National security decisions: place from which an appeal may be brought or continued, certification of removal etc.U.K.
This section has no associated Explanatory Memorandum
15.—(1) This regulation applies where the Secretary of State certifies, under paragraph 1 or 2 of Schedule 1, that an appealable decision in relation to a person (“P”) was taken in the interests of national security. Such a decision is referred to in this regulation as a “national security decision”.
(2) . . . . . . . . . . . . . . . . . . . . . . . . . . . . . . . .
(3) P, while in the United Kingdom, may not bring or continue an appeal under these Regulations against the national security decision unless P has made a human rights claim while in the United Kingdom.

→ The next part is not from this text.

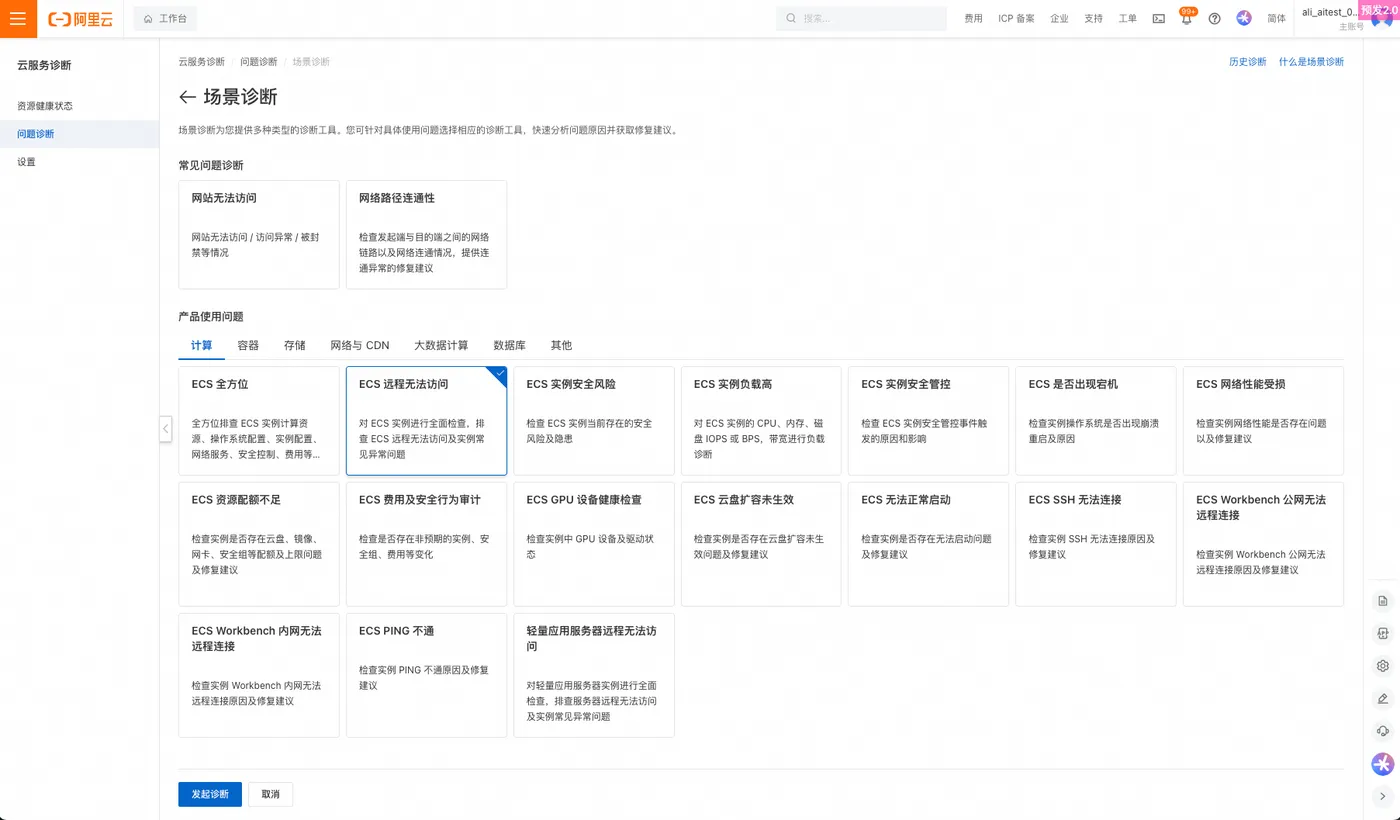 用户如果已经明确了具体是哪些云产品导致资源异常,可以在场景诊断中选择针对性的诊断工具,快速诊断并获取修复建议。了解已支持的全部诊断场景,请参见诊断支持场景及说明。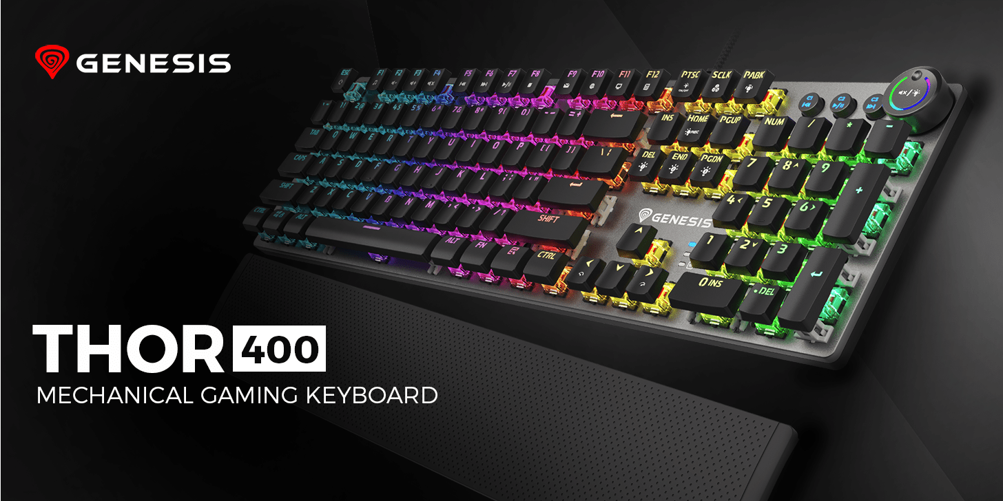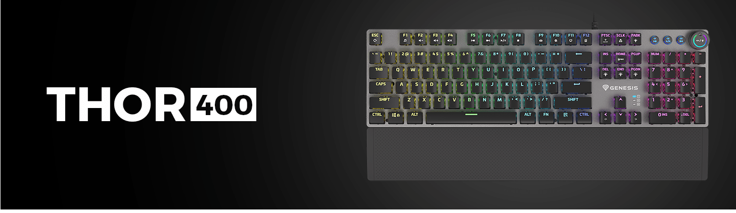 Thor 400 RGB має 12 мультимедійних клавіш, розташованих на кнопках F1 - F12, які дозволяють керувати музикою та ефективно відкривати такі програми, як калькулятор або електронна пошта. Крім того, клавіатура оснащена інноваційною функціональною ручкою з підсвічуванням, яка робить керування гучністю та яскравістю підсвічування ще зручнішим та швидшим!

(4) Paragraph (3) does not allow P while in the United Kingdom to bring or continue an appeal under these Regulations if the Secretary of State certifies that removal of P—
(a)to the country or territory to which P is proposed to be removed, and
(b)despite the appeals process in relation to the national security decision not having been begun or not having been exhausted,
would not be unlawful under section 6 of the Human Rights Act 1998.
(5) The grounds upon which a certificate may be given under paragraph (4) include (in particular)—
(a)that P would not, before the appeals process in relation to the national security decision is exhausted, face a real risk of serious irreversible harm if removed to the country or territory to which P is proposed to be removed;
(b)that the whole or part of any human rights claim made by P is clearly unfounded.
(6) If a certificate in respect of P is given under paragraph (4), P may not be removed from, or required to leave, the United Kingdom in accordance with a provision of the Immigration Acts before the end of the relevant period except—
(a)in a duly substantiated case of urgency,
(b)where P is detained pursuant to the sentence or order of any court, or
(c)where P has entered the United Kingdom and are removable as an illegal entrant under Schedule 2 to the 1971 Act.
But those exceptions do not apply at any time when the removal of P is prohibited by a direction given under paragraph (10) by the Special Immigration Appeals Commission (“the Commission”).
(7) P may make an application to the Commission to set aside the certificate.
(8) If P makes an application under paragraph (7) then the Commission, in determining whether the certificate should be set aside, must apply the principles that would be applied in judicial review proceedings.
(9) The Commission's determination of a review under paragraph (7) is final.
(10) Where P has made and not withdrawn an application under paragraph (7), the Commission may direct that P is not to be removed from the United Kingdom at a time when the review has not been finally determined by the Commission.
(11) Sections 5 and 6 of the 1997 Act apply in relation to reviews under paragraph (7) (and to applicants for such reviews) as they apply in relation to appeals under section 2 or 2B of that Act (and to persons bringing such appeals).
(12) Any exercise of the power to make rules under section 5 of that Act in relation to reviews under paragraph (7) is to be made with a view to securing that proceedings on such reviews are handled expeditiously.
(13) For the purposes of this regulation—
“human rights claim” has the meaning given in section 113(1) of the 2002 Act;
“relevant period” means the period of one month beginning with the day on which P is notified of the decision to remove them.